On Fri, Jan 25, 2013 at 3:56 AM, Dave Abrahams <dave@boostpro.com> wrote:
I'm finding that boost::filesystem::path seems to be a strange mix of different beasts, unlike any entity we have in the STL.
I'm glad seeing that I'm not the only one thinking this way... this is one of the reasons I don't use it (I got *very* frustrated each time I used this library). It is a mix of high level and low level concepts, i.e. of conceptual paths (sequences of some path elements) and strings (sequences of characters). One does not need a strong typedef for paths! If I wanted to work with paths as with strings, I could just use strings (and this is what I usually do). Nor I want a "system encoding" string that behaves differently on different platforms (I use UTF-8 std::strings everywhere). Instead, a path class shall provide a higher level abstraction. First, what *is* a path? One can think of it as "a string naming some resource in the file system", but this definition is low-level, treating the path as a cookie, and thus not useful for characterizing path specific semantics. Definition (path): A path is a sequence of *instructions* (aka path elements) for locating a resource. Following the instruction to locate the resource is called "resolving the path". Really, this is how the OS understands paths, therefore I do not even consider this open to debate. Paths is so a generic concept that it can be applied to much more than just FS paths (even for treasure hunting :)). Definition (equivalence): Paths x and y are equivalent iff, for any system state, resolving x and y yields the same resource, assuming the resolution is successful. operator== should test for equivalence. The equivalent(x,y) function is currently misleading. It should instead be replaced with resolve(x) that would return a key that can be used to test "equivalence" (so that one could use it in associative containers, which is currently not possible).
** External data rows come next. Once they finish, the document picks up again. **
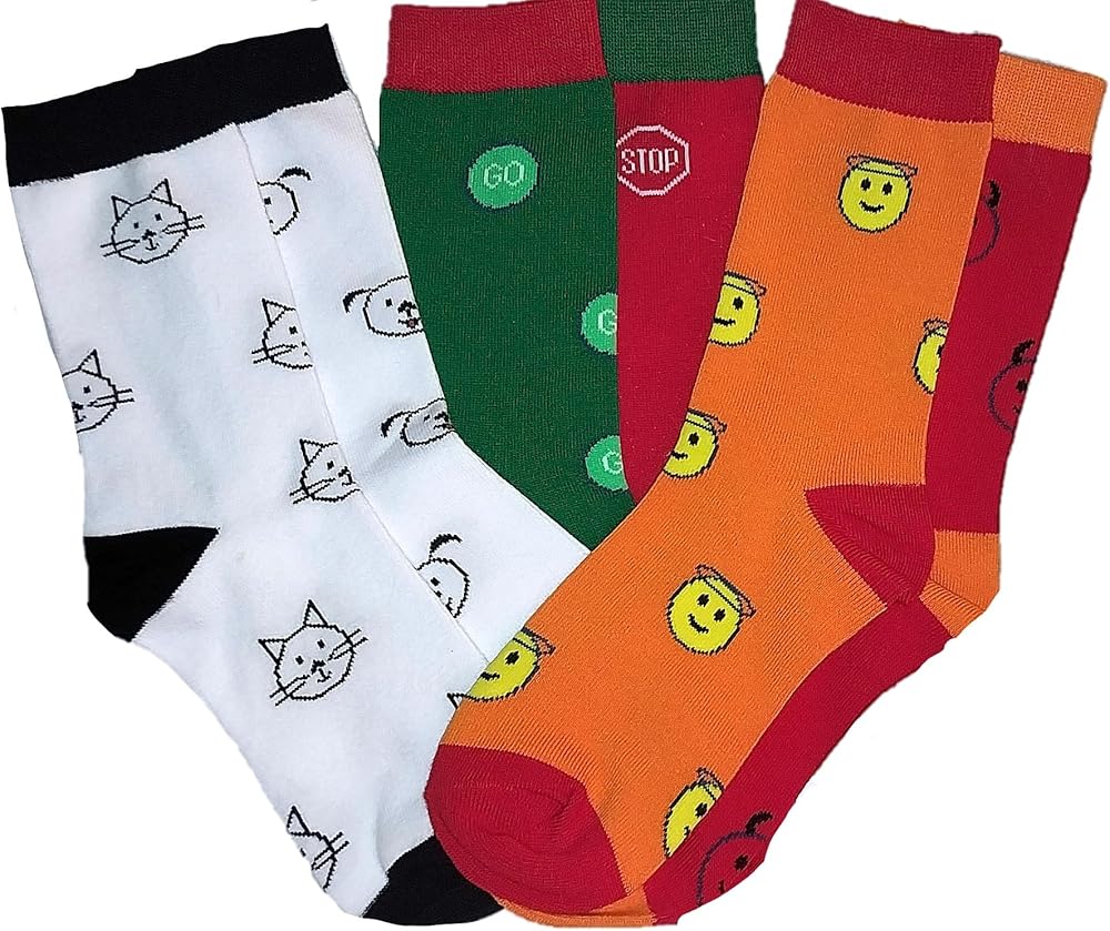 Kids Crew Cut Socks - The Opposites Collection- US Sizes Ages 3-6(S), Ages 6-9(M), Ages 9-12(L). 3 Pairs Per Pack.
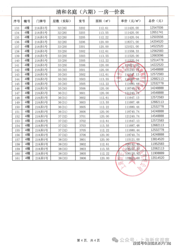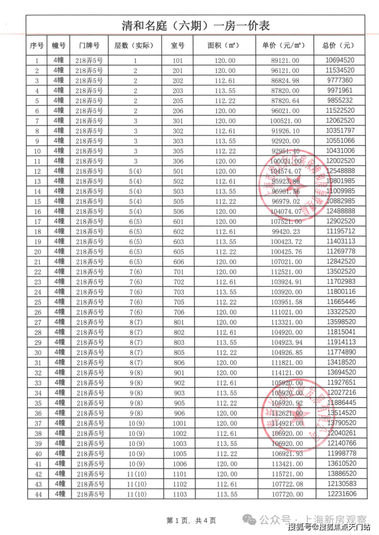 一房一价表如下
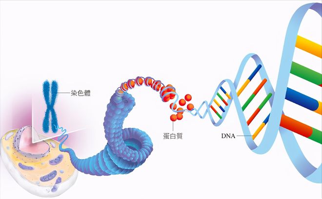 人类每个细胞 (精子和卵子细胞除外) 都有23对染色体,每一对染色体都是一条来自父亲,一条来自母亲。染色体上分布着许多的基因,掌管着我们身体所有的大小功能。
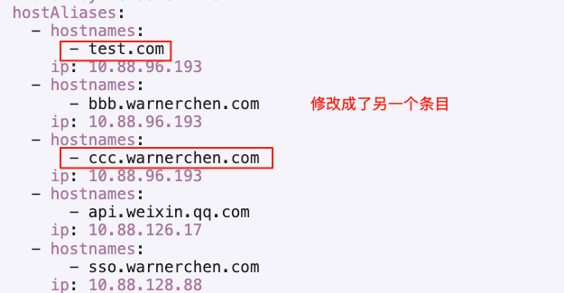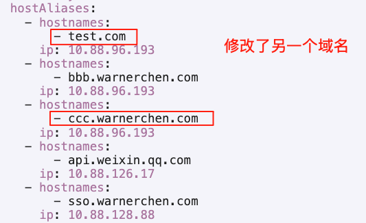 hostAliases配置未发生变化,或为按预期发生变化 - 最终结果与预期配置不一致
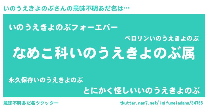 | 女子向けラノベタイトル風あだ名 | 『いのうえきよのぶの玉の輿計画!』 |
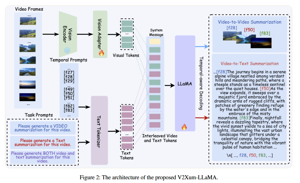 이 프레임워크는 서로 다른 형태의 요약(V2V, V2T, V2VT)을 하나의 LLM 디코더에서 통합하여 생성합니다.

Now one could do resolve(x) == resolve(y) instead, and much more. For example,
when you construct it from a pair of iterators, they're expected to be iterators over characters, but when you iterate over the path itself, you are iterating over strings of some kind (**). Even though, once constructed, this thing acts sort of like a container, it supports none of the usual container mutators (e.g. push_back, pop_back, erase) or even queries (e.g. size()), making it incompatible with generic algorithms and adaptors.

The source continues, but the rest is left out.